In the second half of the 18th century, the manufacture of cotton began to replace that of wool. Burnley's earliest known factories – dating from the mid-century – stood on the banks of the River Calder close to where it is joined by the River Brun, and relied on water power to drive the spinning machines. The first turnpike road through Burnley was begun in 1754, linking the town to Blackburn and Colne, and by the early 19th century there were daily stagecoach journeys to Blackburn, Skipton and Manchester, the last taking just over two hours.
The 18th century also saw the rapid development of coal mining: the drift mines and shallow bell-pits of earlier centuries were replaced by deeper shafts meeting industrial as well as domestic demand locally, and by 1800 there were over a dozen pits in the modern-day centre of the town alone.
The arrival of the Leeds and Liverpool Canal in 1796 made possible transportation of goods in bulk, bringing a huge boost to the town's economy. Dozens of new mills were constructed, along with many foundries and ironworks that supplied the cotton mills and coal mines with machinery and cast and wrought iron for construction. The town became renowned for its mill-engines and the Burnley Loom was recognised as one of the best in the world.
Disaster struck the town in 1824, when first its only local bank (known as Holgate's) collapsed, forcing the closure of some of the largest mills. This was followed by a summer drought, which caused serious problems for many of the others, leading to high levels of unemployment and possibly contributing to the national financial crisis of 1825.
The Irish Potato Famine led to an influx of Irish families during the 1840s, who formed a community in one of the poorest districts. At one time the Park district (modern-day town centre, around Parker St.) was known as Irish Park.

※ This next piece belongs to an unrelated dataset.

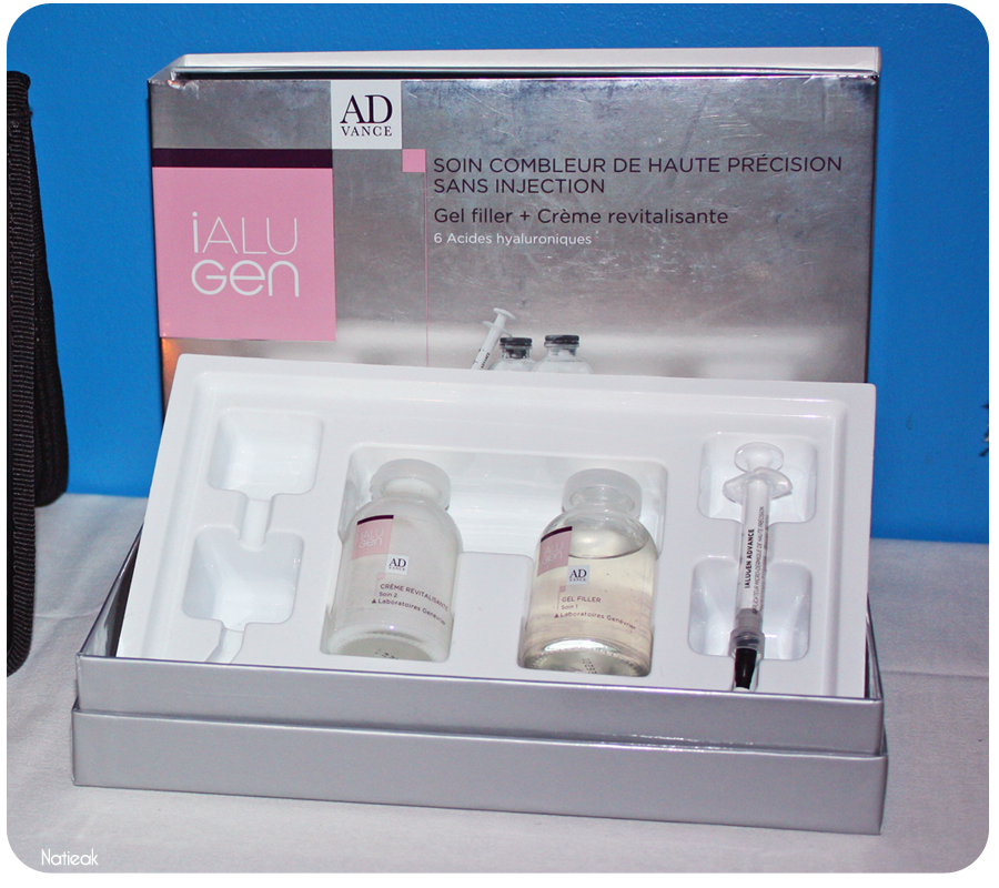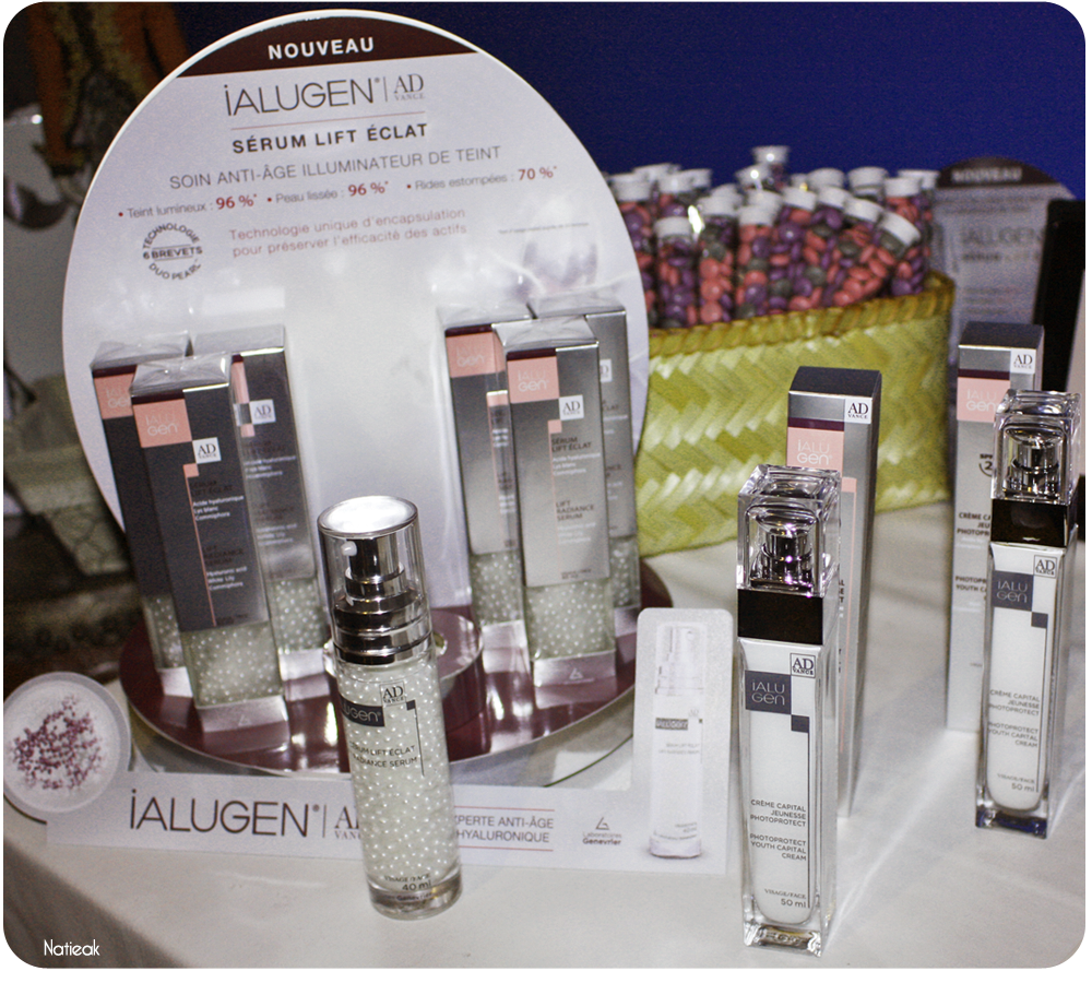 Après ces belles découvertes, je me suis rendue sur le stand de Ialugen. J’en avais entendu parler parce qu’elle a été primée aux Victoires de la beauté pour sa brume régénérescence. A part cela, je ne connaissais rien de cette marque vendue en pharmacie. Issu des laboratoires Genevrier, Ialugen propose des soins anti-âge contenant de l’acide hyaluroniques et des actifs.

In 1848 the East Lancashire Railway Company's extension from Accrington linked the town to the nation's nascent railway network for the first time. This was another significant boost to the local economy and, by 1851, the town's population had reached almost 21,000.
The Cotton Famine of 1861–1865, caused by the American Civil War, was again disastrous for the town. However, the resumption of trade led to a quick recovery and, by 1866, the town was the largest producer of cotton cloth in the world. By the 1880s the town was manufacturing more looms than anywhere in the country.
The Burnley Electric Lighting Order was granted in 1890, giving Burnley Corporation (which already controlled the supply of water and the making and sale of gas) a monopoly in the generation and sale of electricity in the town. The building of the coal-powered Electricity Works, in Grimshaw Street, began in 1891, close to the canal (the site of the modern-day Tesco supermarket) and the first supply was achieved on 22 August 1893, initially genering electricity for street lighting.
The start of the 20th century saw Burnley's textile industry at the height of its prosperity. By 1910, there were approximately 99,000 power looms in the town, and it reached its peak population of over 100,000 in 1911. However, the First World War heralded the beginning of the collapse of the English textiles industry and the start of a steady decline in the town's population.
The town has a total of 191 listed buildings – one Grade I (Towneley Hall), two Grade II* (St Peter's Church and Burnley Mechanics) and 188 Grade II.
Over 4000 men from Burnley were killed in the First World War, about 15 per cent of the male working-age population. 250 volunteers, known as the Burnley Pals, made up Z Company of 11th Battalion, the East Lancashire Regiment, a battalion that as a whole became known by the far more famous name of the Accrington Pals. Victoria Crosses were awarded to two soldiers from the town, Hugh Colvin and Thomas Whitham, along with a third to resident (and only son of the chief constable) Alfred Victor Smith. In 1926 a memorial to the fallen was erected in Towneley Park, funded by Caleb Thornber, former mayor and alderman of the borough to ensure the sacrifice of the men lost was commemorated. The local school of art created pages of vellum with the names of the fallen inscribed. These were framed in a rotating carousel in Towneley Hall for visitors to see. There were 2000 names inscribed – less than half the number of real casualties.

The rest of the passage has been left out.